This table presents a detailed breakdown of the Dual Feature Integration (DFi) module’s performance on the OIMHS dataset. It compares different configurations of DFI, including applying it to different stages of the U-Net architecture, against a baseline (no DFI). The results are presented for several evaluation metrics such as mIoU, Dice, ASSD, HD95, and AdjRand, for each of the four classes of the OIMHS dataset (Average, Macular Hole, Macular Edema, Choroid, Retinal). The best values for each metric are highlighted to show the optimal DFI configuration.

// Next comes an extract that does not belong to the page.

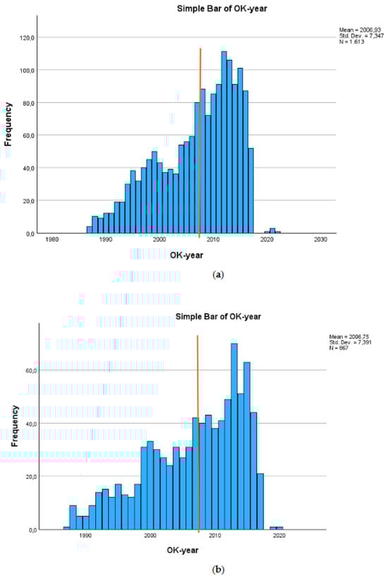 (a) Temporal trend for referral combined SAVR. The orange bar indicates the introduction of TAVI (OK-year refers to year of operation); (b) temporal trend for referral for isolated SAVR. The bar refers to the introduction of TAVI (OK-year refers to year of operation).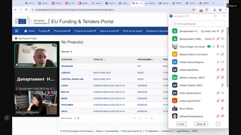 2024 жылдың 31 қазанында Д. Серікбаев атындағы Шығыс Қазақстан техникалық университетінің (ШҚТУ) Ғылыми-зерттеу қызметі департаменті университеттің профессорлық-оқытушылық құрамы мен ғылыми қызметкерлері үшін Marie Skłodowska-Curie Actions (MSCA) бағдарламасы бойынша ақпараттық сессия ұйымдастырды. Спикер ретінде Erasmus халықаралық жобаларына қатысу тәжірибесімен бөліскен және MSCA зерттеушілер үшін ұсынатын мүмкіндіктері туралы егжей-тегжейлі баяндаған Түркияның Мармара университетінің сарапшысы, Prof. Erhan Doğan сөз сөйледі.

This table presents a comparison of the proposed uC 3DU-Net model’s performance against nine other state-of-the-art methods on two benchmark datasets for medical image segmentation: FLARE2021 and FeTA2021. The metrics used to evaluate performance include multiple measures relevant to the accuracy and efficiency of segmentation. The best performance is highlighted in bold for each metric, allowing for easy identification of the top performing models and comparison across different evaluation metrics. Part of the data is taken from reference [56].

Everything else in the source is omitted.